Task:
Give the data again in full, without pictures.

Records from a data source
++++++++++++++++++++
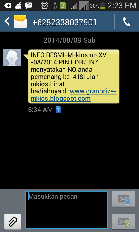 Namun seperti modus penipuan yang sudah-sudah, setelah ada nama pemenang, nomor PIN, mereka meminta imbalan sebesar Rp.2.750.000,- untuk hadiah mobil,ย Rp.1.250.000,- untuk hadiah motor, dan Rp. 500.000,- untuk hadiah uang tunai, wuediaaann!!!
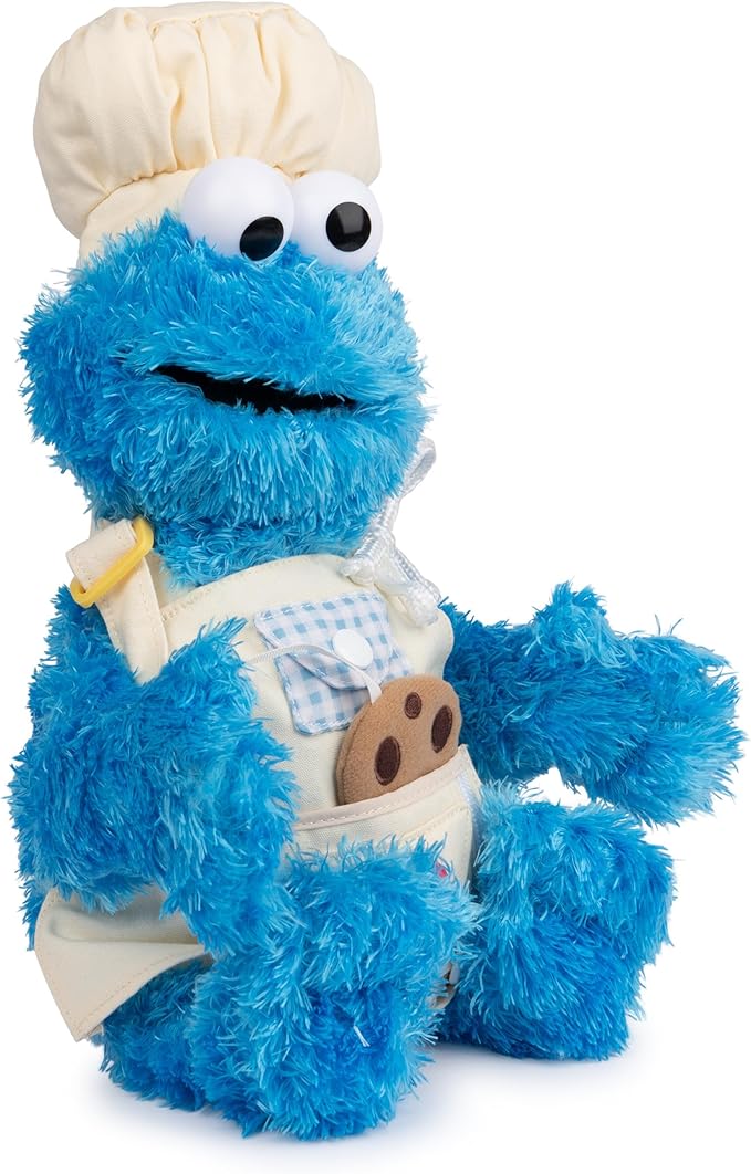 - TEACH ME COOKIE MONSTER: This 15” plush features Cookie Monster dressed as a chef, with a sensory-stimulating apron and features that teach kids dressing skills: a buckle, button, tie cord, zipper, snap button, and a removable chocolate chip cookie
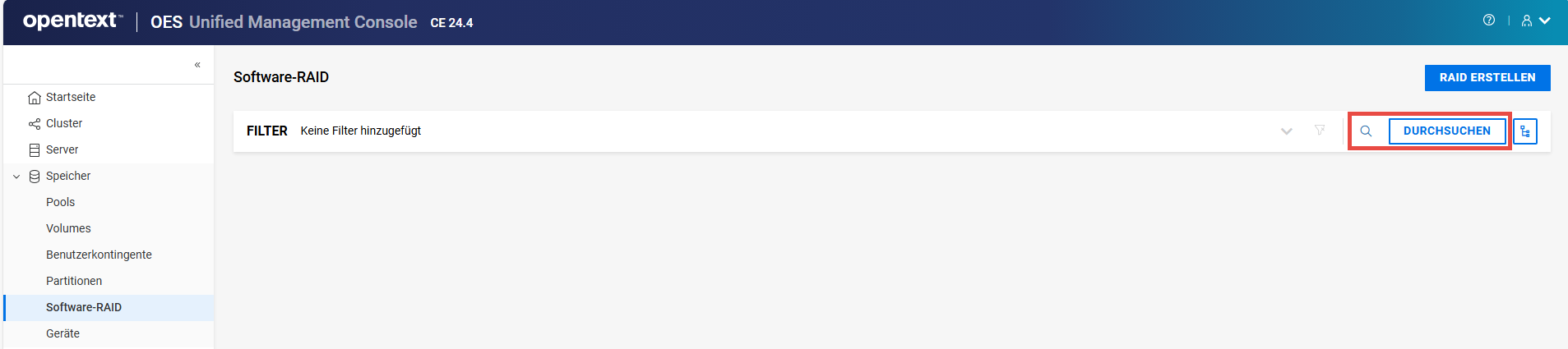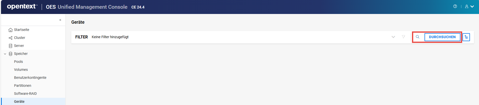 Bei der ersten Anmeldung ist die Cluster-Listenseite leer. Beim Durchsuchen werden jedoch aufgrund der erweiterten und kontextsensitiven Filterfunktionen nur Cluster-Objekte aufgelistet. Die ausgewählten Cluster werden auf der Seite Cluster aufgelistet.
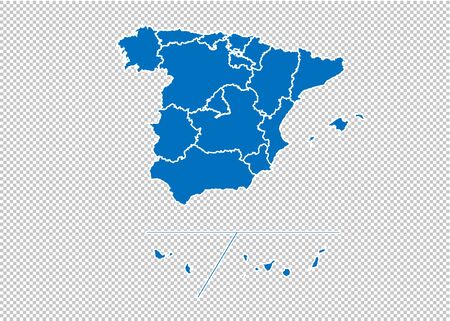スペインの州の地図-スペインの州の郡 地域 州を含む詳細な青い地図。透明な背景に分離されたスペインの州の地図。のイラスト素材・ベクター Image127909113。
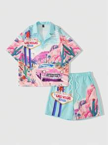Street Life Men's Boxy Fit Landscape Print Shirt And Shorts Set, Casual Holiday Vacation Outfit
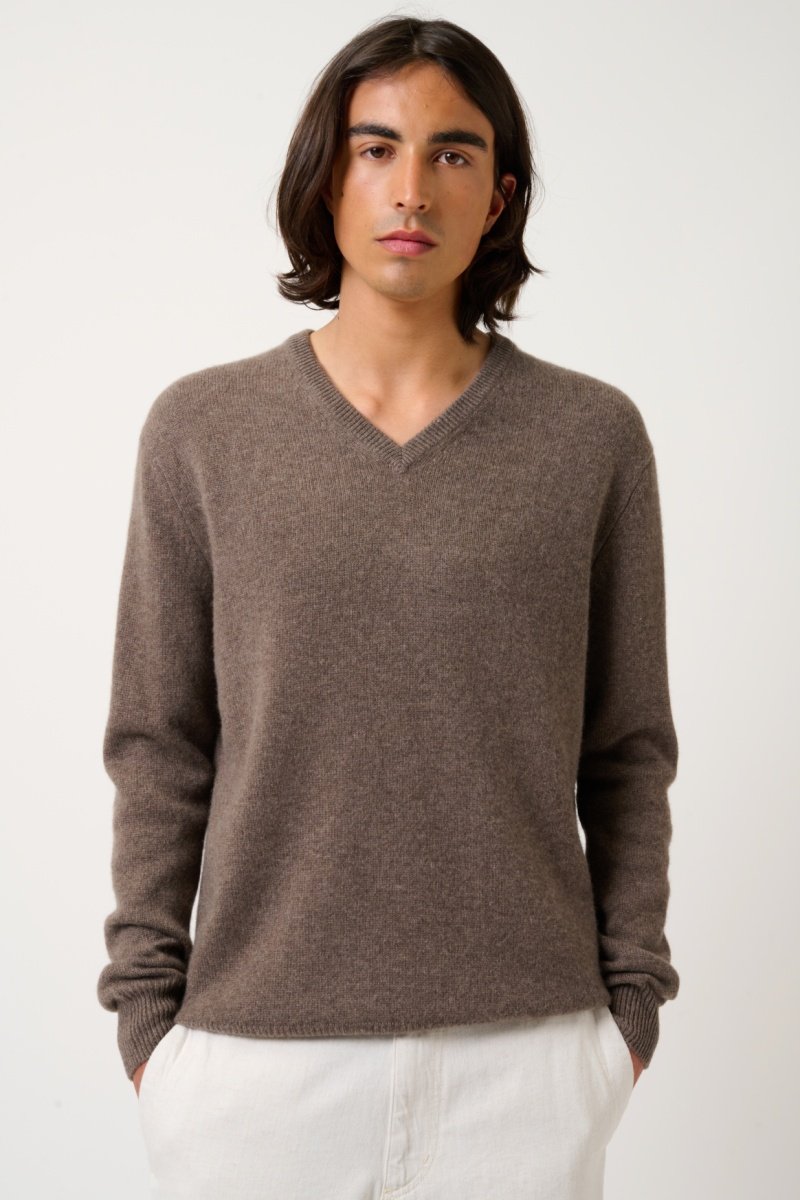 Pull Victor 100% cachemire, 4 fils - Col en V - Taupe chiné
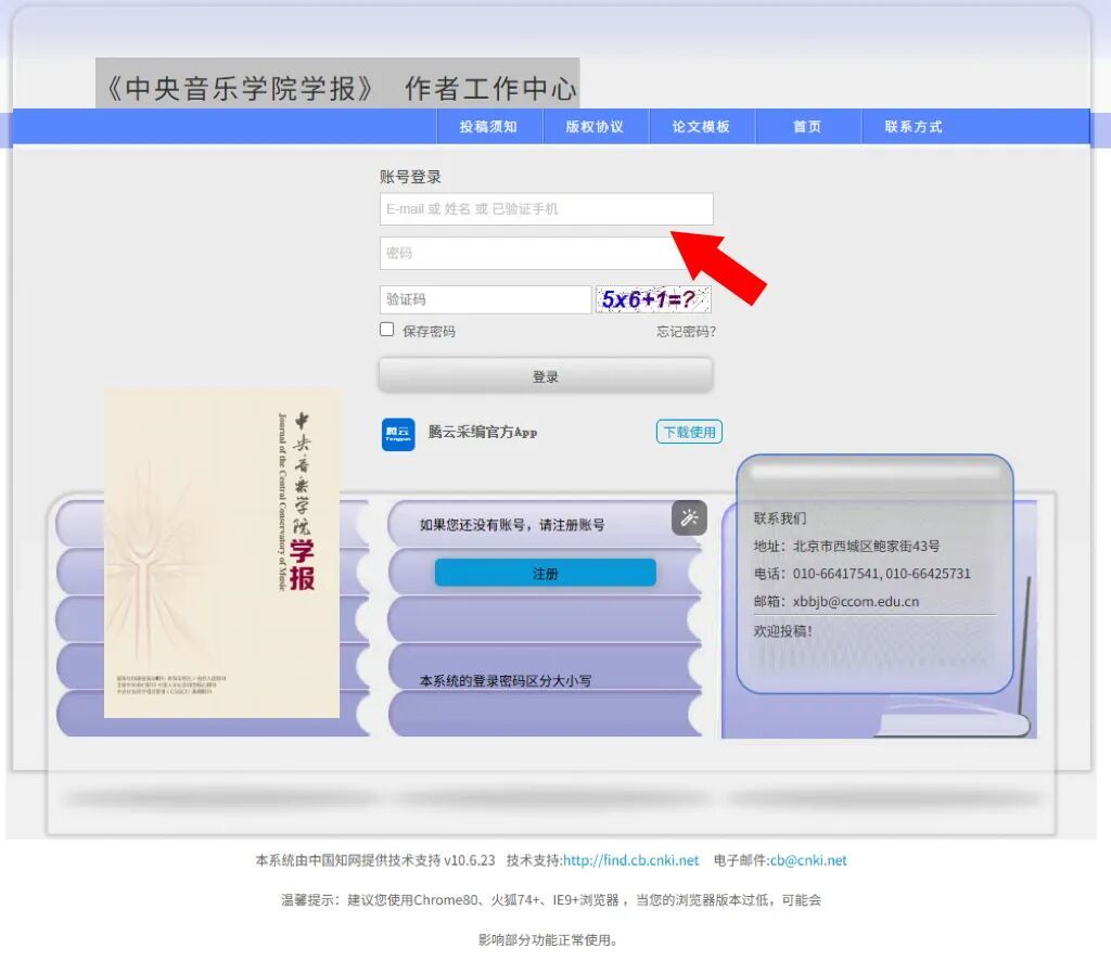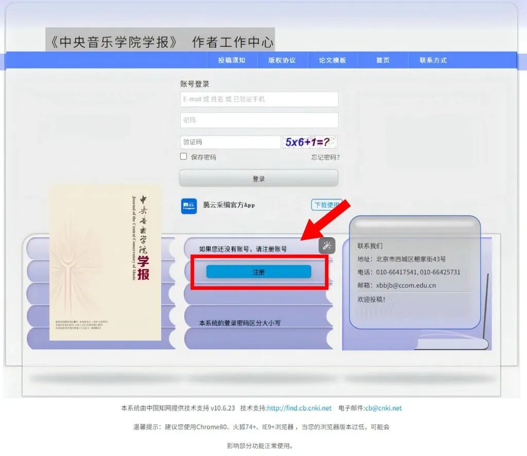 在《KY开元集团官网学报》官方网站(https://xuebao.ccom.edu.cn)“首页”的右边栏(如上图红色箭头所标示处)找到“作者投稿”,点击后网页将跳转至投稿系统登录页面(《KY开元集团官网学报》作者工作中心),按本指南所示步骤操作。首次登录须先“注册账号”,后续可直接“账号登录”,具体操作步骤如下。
++++++++++++++++++++
Your solution:
 Namun seperti modus penipuan yang sudah-sudah, setelah ada nama pemenang, nomor PIN, mereka meminta imbalan sebesar Rp.2.750.000,- untuk hadiah mobil,ย Rp.1.250.000,- untuk hadiah motor, dan Rp. 500.000,- untuk hadiah uang tunai, wuediaaann!!!
 - TEACH ME COOKIE MONSTER: This 15” plush features Cookie Monster dressed as a chef, with a sensory-stimulating apron and features that teach kids dressing skills: a buckle, button, tie cord, zipper, snap button, and a removable chocolate chip cookie
 Bei der ersten Anmeldung ist die Cluster-Listenseite leer. Beim Durchsuchen werden jedoch aufgrund der erweiterten und kontextsensitiven Filterfunktionen nur Cluster-Objekte aufgelistet. Die ausgewählten Cluster werden auf der Seite Cluster aufgelistet.
スペインの州の地図-スペインの州の郡 地域 州を含む詳細な青い地図。透明な背景に分離されたスペインの州の地図。のイラスト素材・ベクター Image127909113。
Street Life Men's Boxy Fit Landscape Print Shirt And Shorts Set, Casual Holiday Vacation Outfit
 Pull Victor 100% cachemire, 4 fils - Col en V - Taupe chiné
 在《KY开元集团官网学报》官方网站(https://xuebao.ccom.edu.cn)“首页”的右边栏(如上图红色箭头所标示处)找到“作者投稿”,点击后网页将跳转至投稿系统登录页面(《KY开元集团官网学报》作者工作中心),按本指南所示步骤操作。首次登录须先“注册账号”,后续可直接“账号登录”,具体操作步骤如下。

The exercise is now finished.